Here we show that F. nucleatum was frequently detected in tumour samples, with 43% of patients in our screening cohort testing positive. This detection frequency falls in the middle of the range reported in previous studies (8.6%–87.1%) [11,15,23,37,49–51,54]. B. fragilis was detected in 24% of tumour samples, with 17% of tumours harbouring both F. nucleatum and B. fragilis. The optimal site for detection of both species was the tumour luminal surface (TLS), with both species detected at considerably lower frequencies within the tumour centre, at the invasive margin and within the tumour stroma. The higher rate of detection at the TLS likely reflects the presence of bacteria from the lumen of the bowel that have accumulated at the mucosal surface due to abnormal cell growth and compromised cellular architecture. The lack of concordance observed in one of five synchronous tumour pairs suggests that individual tumours may have their own microbial signature, rather than this being host-specific.

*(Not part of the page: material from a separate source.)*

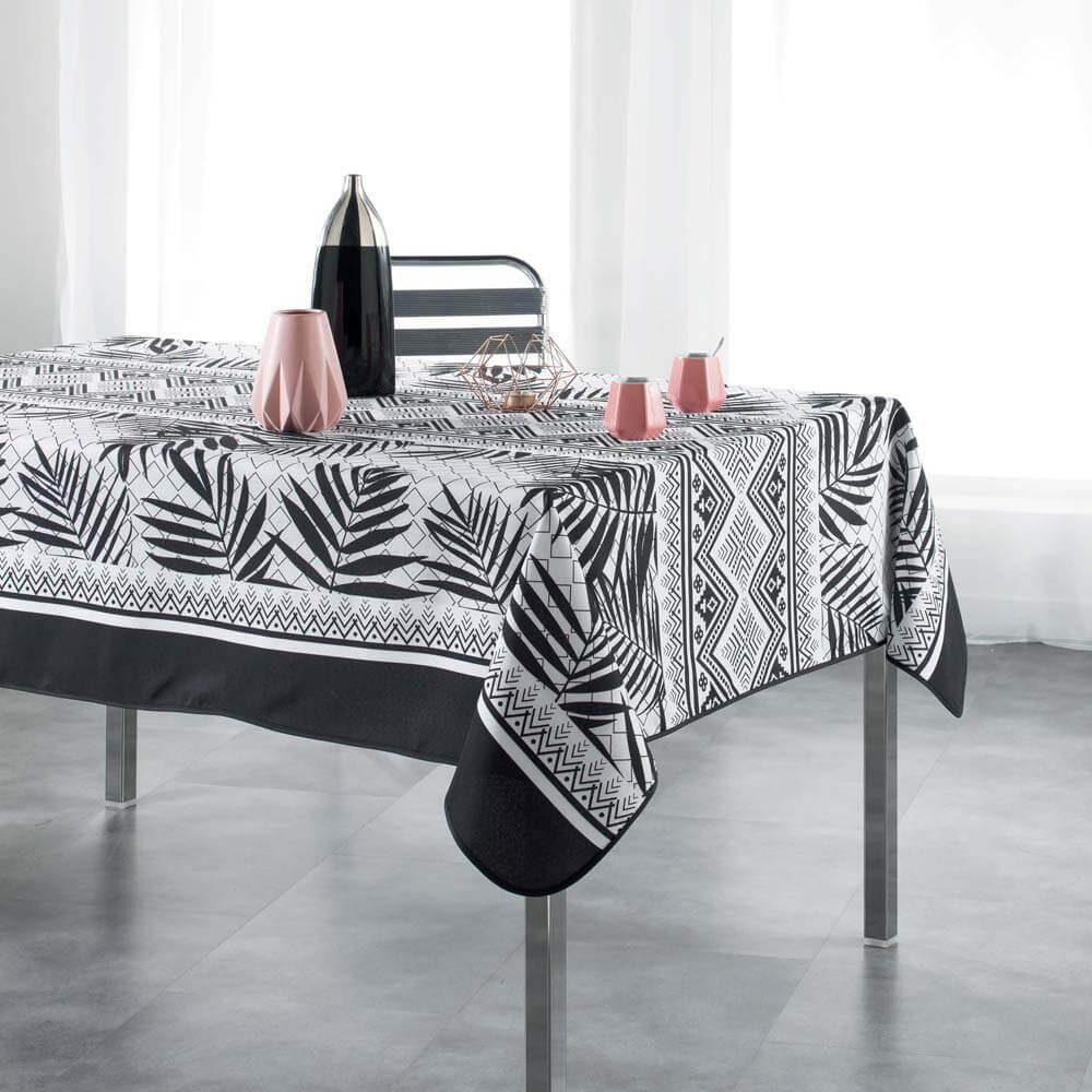 Un mantel antimanchas estampado con dibujos geométricos y hojas tropicales, diseño moderno en blanco y negro, ideal para dar un toque especial a la mesa.
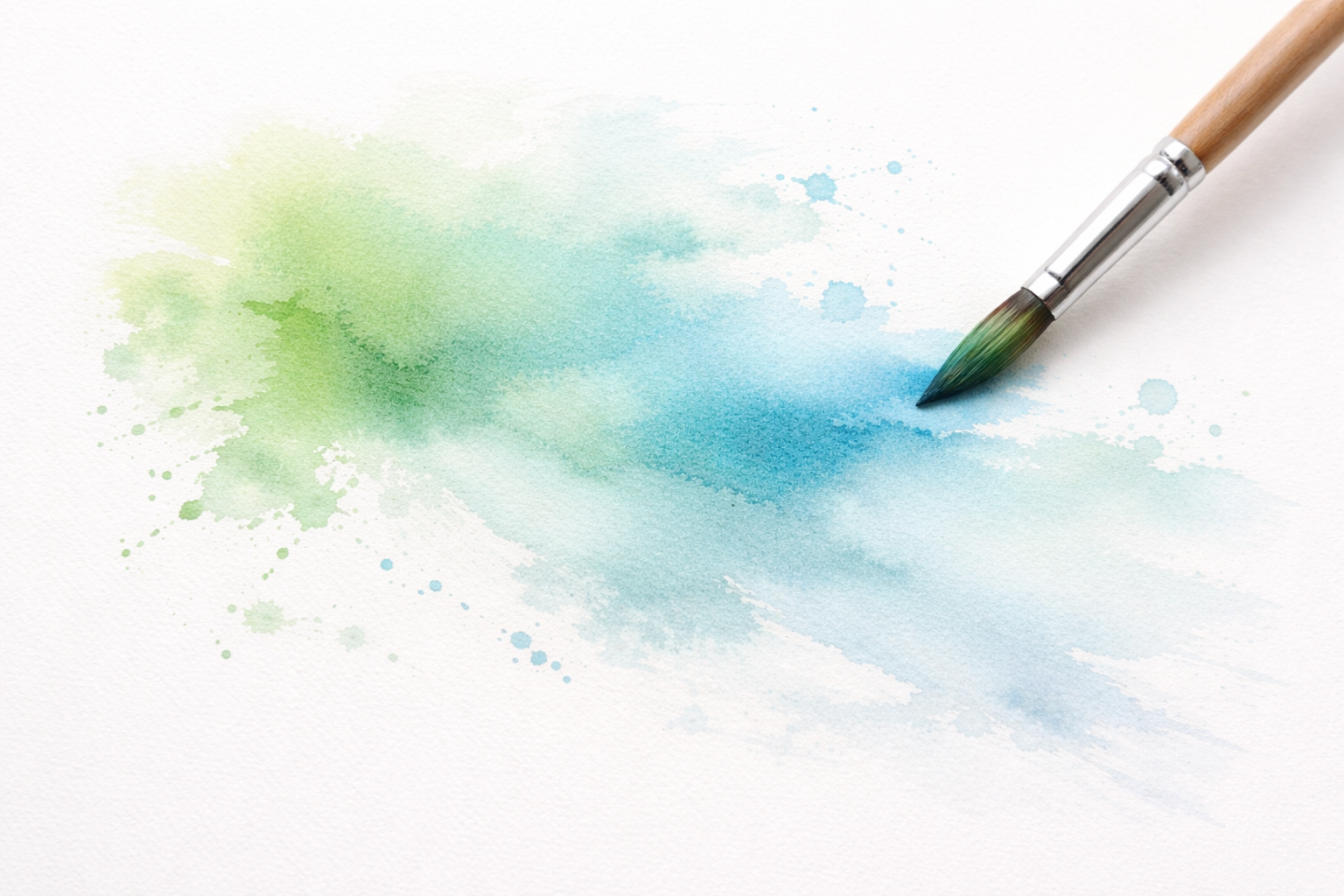 generate an image of a black painbrush painting some dark greens and indigo blue watercolour onto some white paper make the colours a lot more punchy and the image much mroe architectural and contained so i can use in the corner of a white page

Consistent with most previous reports [7,8,12,13,15,16], we detected F. nucleatum at a higher frequency and relative abundance within tumour samples compared to matched normal epithelium. However, this was only true for the TLS. DNA extracted from material restricted to the tumour centre contained comparable levels of F. nucleatum DNA to that from the normal mucosa. This may explain the difference between our TLS findings and those of Bundgaard-Nielsen et al, who detected F. nucleatum at a comparable frequency and level in tumour and matched normal tissue using DNA isolated from whole tissue sections [11], where they were more likely targeting the tumour centre region. Our tissue targeting strategy allowed us to be very specific about the region and morphology sampled. We found no difference in frequency of B. fragilis detection between tumour and normal tissue. This likely reflects a relatively weaker association between B. fragilis and CRC, which is again consistent with the current literature, with some studies reporting a positive association and others no difference, or a relative decrease in Bacteroides abundance in CRC [9,11,13,14]. A clear boundary of morphologically normal cells was present between the tumour and the area targeted as adjacent normal epithelium in this study as we were targeting very small specific regions within the larger paraffin block. Nonetheless, this region may have contained a very small proportion of malignant cells. The presence of incident tumour cells, however, would have made a minimal contribution to the extracted DNA and is therefore unlikely to have significantly impacted the results.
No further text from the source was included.